Fast forward three decades and you see something similar happening with BBC’s Birmingham-set crime drama Peaky Blinders, though there’s nothing fey or effete or privileged about Cillian Murphy’s gang leader Tommy Selby. But wander into any of the hipster barbers which have sprung up over the last few years and you’ll see rows of young men waiting for haircuts that closely resemble the severe short-back-and-sides the Irish actor wears in the series. Late last year, meanwhile, Primark unveiled a Peaky Blinders range including boots, pegged trousers with turn-ups and (of course) those baker boy-style flat caps everyone wears. And Scottish-based glasses manufacturer Iolla has a range based on the round spectacles Murphy wears in the later series. It's called The Selby.
But how well has Scotland itself been served by period dramas over the years? Perhaps hampered by lack of finances, BBC Scotland’s costume drama output has been scant. Instead, it has been cinema which has churned out Scottish period dramas. Notable examples include Mrs Brown (Judi Dench as Queen Victoria and Billy Connolly as her Scottish favourite John Brown), Tommy’s Honour (directed by Jason Connery and centred on St Andrews golfing legends the Morrises) and Sunset Song, Terence Davies’s adaptation of Lewis Grassic Gibbon’s famous novel. In fact the story of Scottish costume dramas is as much about stalled projects as it is completed ones: James Hogg’s The Private Memoirs And Confessions Of A Justified Sinner, Robin Guthrie’s The Cone Gatherers and Neil Gunn’s The Silver Darlings are all classics from the Scottish literary canon which have resisted many producers’ attempts to film them in the modern era. Which brings us to Outlander. It’s a rare example of a costume drama which isn’t exactly Scottish – the novels on which the series is based are by American author Diana Gabaldon and only one of the three leads is Scottish – but it is at least set here and largely filmed here.

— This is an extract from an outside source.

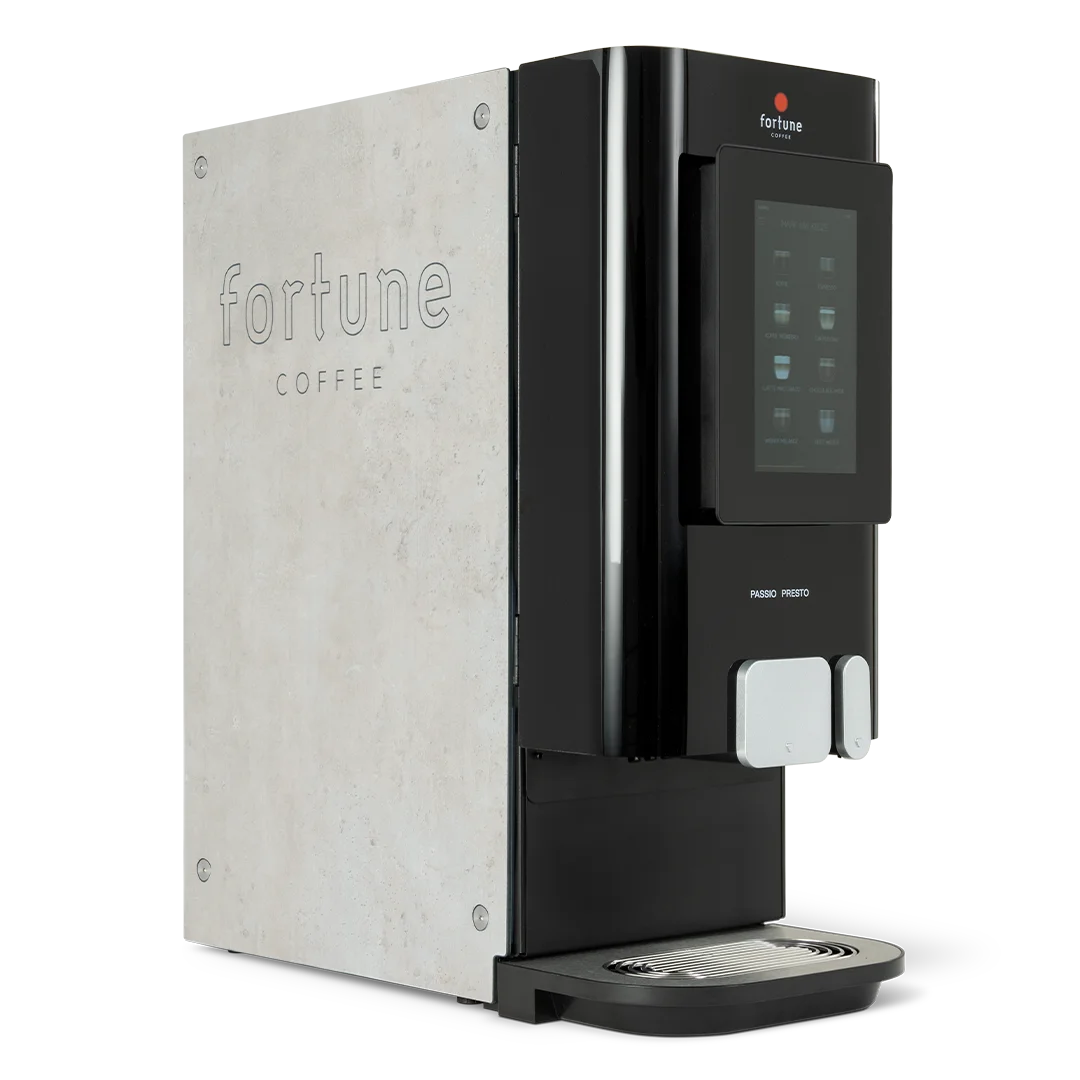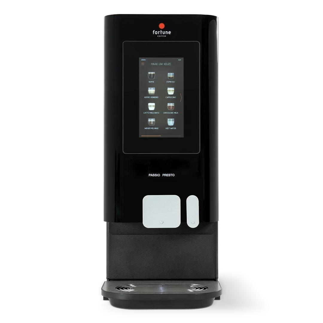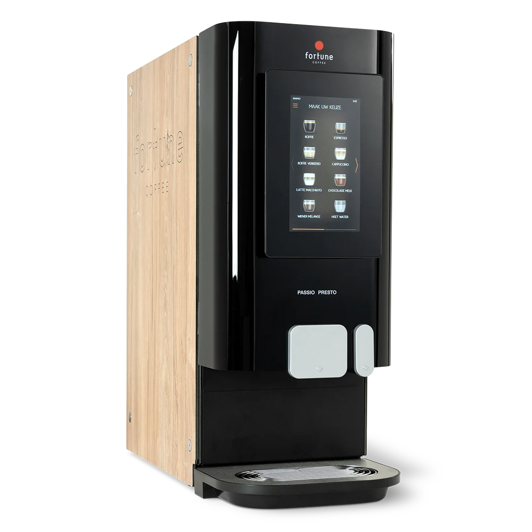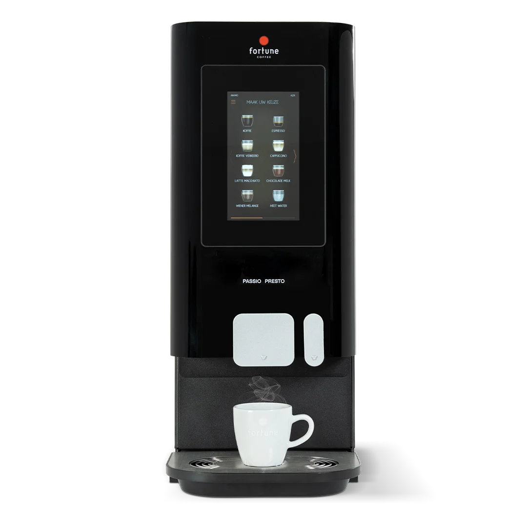 Met de Passio Presto Compact zet je moeiteloos een variatie aan warme dranken. Zoals koffie, espresso, cappuccino, Wiener melange en chocolademelk. Het kan allemaal. Samen met jouw Fortune koffieadviseur stel je de koffierecepten samen die passen bij de gebruikers van jouw koffiecorner.

Of course costume dramas have been with us for decades, so in a sense what's new? Some of the most popular TV shows of the 1960s and 1970s – Poldark, The Onedin Line, Upstairs Downstairs, The Duchess Of Duke Street and The Forsyte Saga to name just five – fall into that category and the production line continued through the 1980s and 1990s. But if anything the rise of streaming platforms and the advent of binge viewing have whetted appetites and increased demand. In a recent article for film magazine Sight & Sound titled The Age Of Binge Television, illustrious film critic David Thomson laid out some of his favourites boxsets. Top of his list was a costume drama: Babylon Berlin, a German language series set in the Weimar Republic. Thomson watched the whole series in a couple of days and then watched it all over again, he loved it so much. He just couldn't stop himself. “There is something about the rush towards doom in Babylon Berlin that overrides our will,” he wrote. “Just think of being German in 1929 with 1933 coming.” Likewise, think of being below stairs in the Crawley household in 1913 with the First World War coming. And that’s the other reason we keep going back to the costume drama – the past may be another country, but it’s one in which we viewers know what lies ahead. Perhaps that’s why it’s perfect for our own uncertain times.